A fun element with this product is the inclusion of a teeny tiny “orange zest atomizer,” which one is directed to spritz over the top of the cocktail — simply poured over ice — in lieu of a real fruit garnish. No word on where those oranges are grown.
I gave the Gold Fashioned experience a go and found it to be, well, a perfectly delightful cocktail — though there’s one element that really stands out above the rest. (Keep reading.) To be sure, there’s nothing unusual on the nose: vanilla, caramel, and ample orange peel, courtesy of that expressive spritz. Toss a cherry and an orange slice in the mix and you’d never know this wasn’t freshly made from a classic recipe. The palate is where you’ll find things going a bit cuckoo: Saffron is hardly a hide-in-the-background flavor, and here it is directly in your face, dominating the body with a distinctly Asian bent.
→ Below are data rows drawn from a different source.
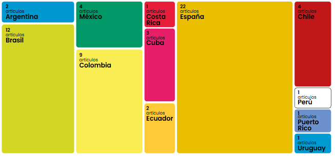 Por otro lado, en el tema de la cantidad de textos científicos publicados por país, España es el que, con 22 artículos, tuvo más publicaciones. El siguiente fue Brasil, con 12 artículos sobre divulgación de la ciencia, como se observa en la Figura 3. Es importante recalcar que, en el análisis de resultados por nación se consideró el país de adscripción de autoras y autores, independientemente de la ubicación geográfica del fenómeno estudiado o de la revista científica que publicó.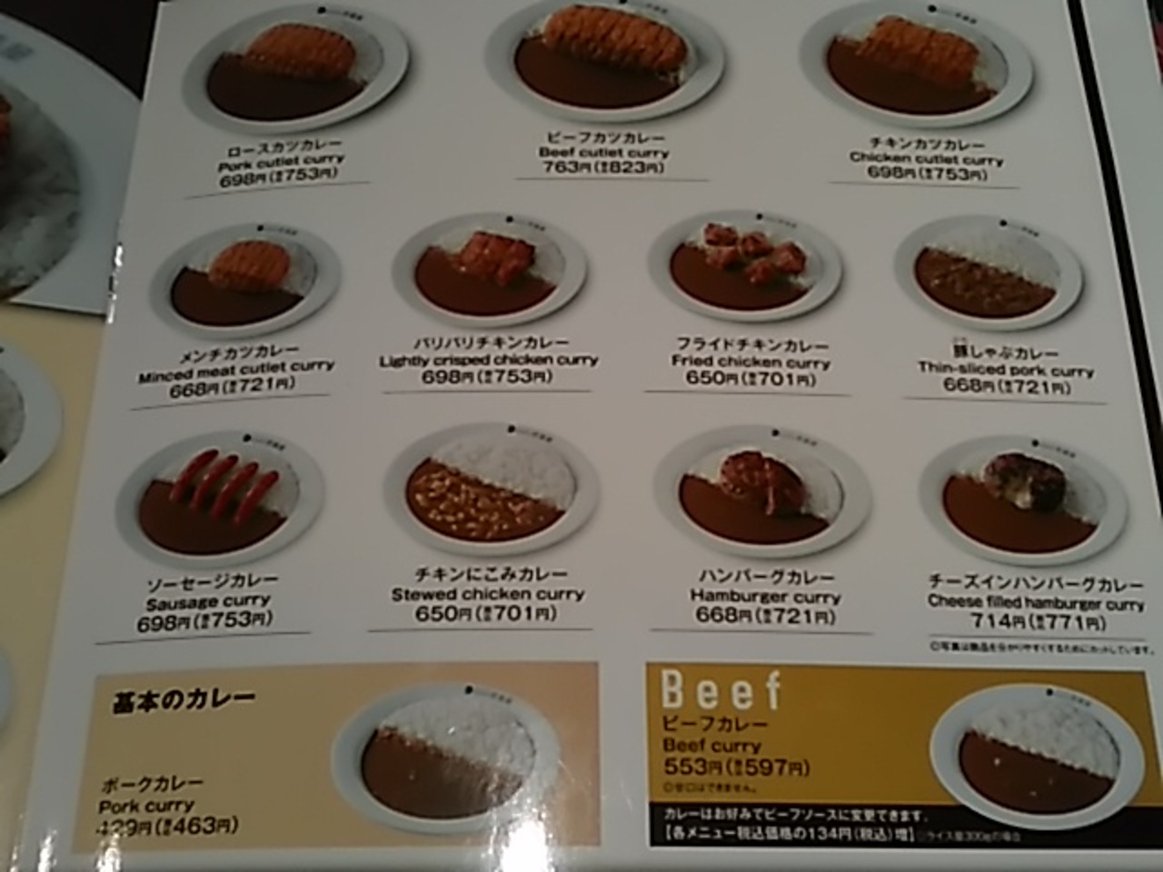 4号線名取バイパス沿いにあります。カウンター9席、テーブル24席位です。基本のポークカレーが463円で、それにトッピングしていく感じです。ご飯は300グラム迄が基本料金で、100グラム毎に103円増し、辛さ1つ足す毎に21円増しです。今回、頼んだのは、とん勝つカレー半熟タマゴタルタルソース1049円(税込み)です。半熟卵がたまりませんでした。ご飯増量にしなくても、お腹いっぱいになりました。辛さが普通で物足りない時は、振りかけタイプのとび辛があるので、足して下さい。十分辛いです。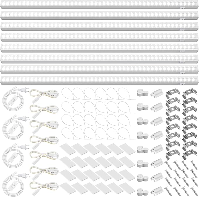 - What You Get: 8 x Barrina T5 Grow lights, 4 x Power Cords with ON/OFF Switch, 7 x Connecting Cords, 8 x Small Connectors, 16 x Installation Clips, 24 x Double-sided Tapes, 24 x cable ties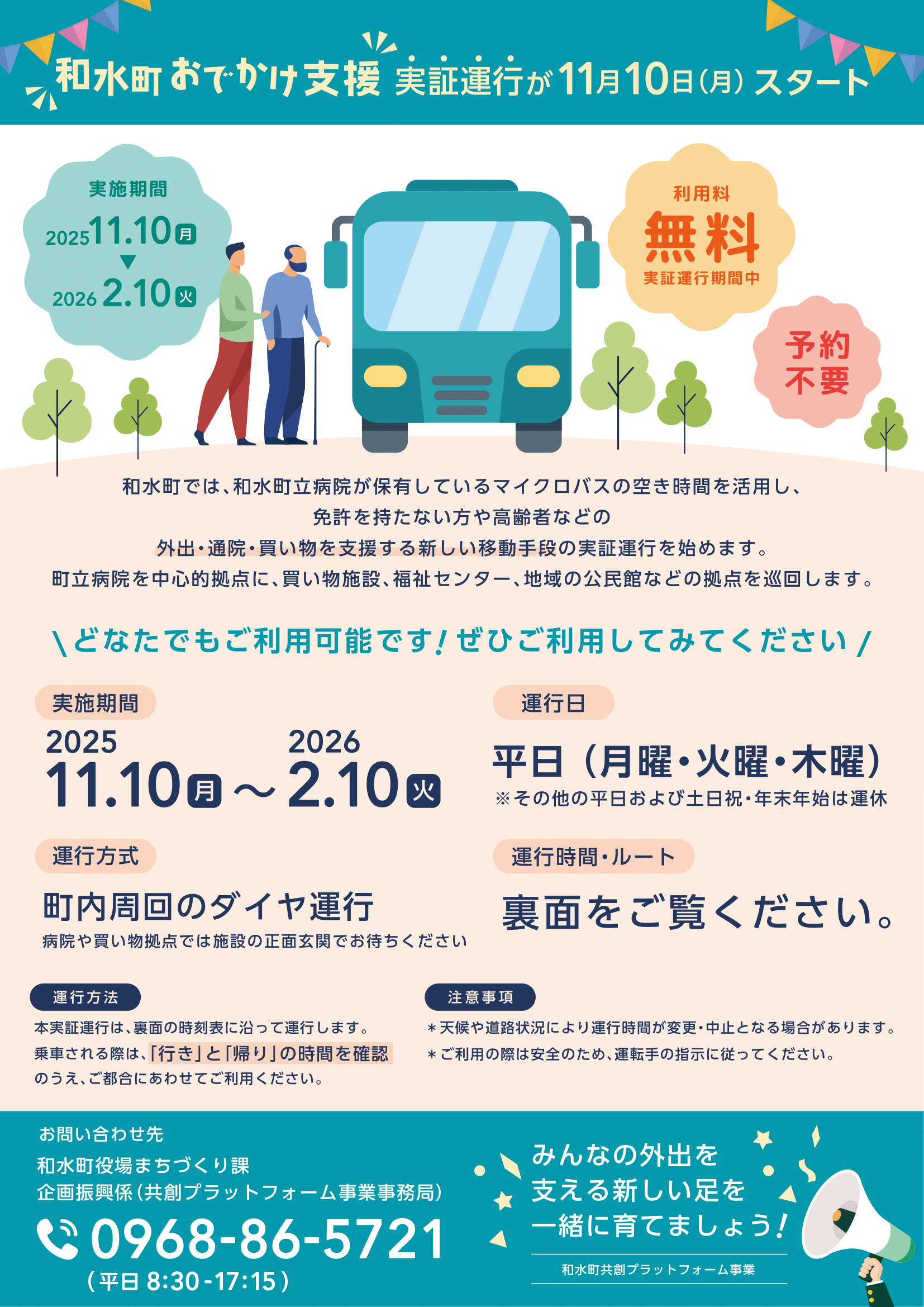 【1月13日から時刻表変更】和水町おでかけ支援実証運行について最終更新日:2026年01月07日

There’s nothing wrong with that, mind you. If I saw a Saffron Old Fashioned on a fancy cocktail menu, I might well be intrigued… though I doubt I’d order one. Here, that saffron is intense, pushing notes of vanilla, cinnamon, and a very mild gentian note well to the side. The finish is, again, distinctly saffronish, reminiscent of the paella I made last week, though the whiskey does manage to hold its own.
At $12 a serving, the Gold Fashioned comes at a decidedly premium price — even more so when I realized that some of my orange oil spritzer must have leaked out; there was only enough in the vial for 6 cocktails, not 12. What, I gotta go fetch an orange now? Come on!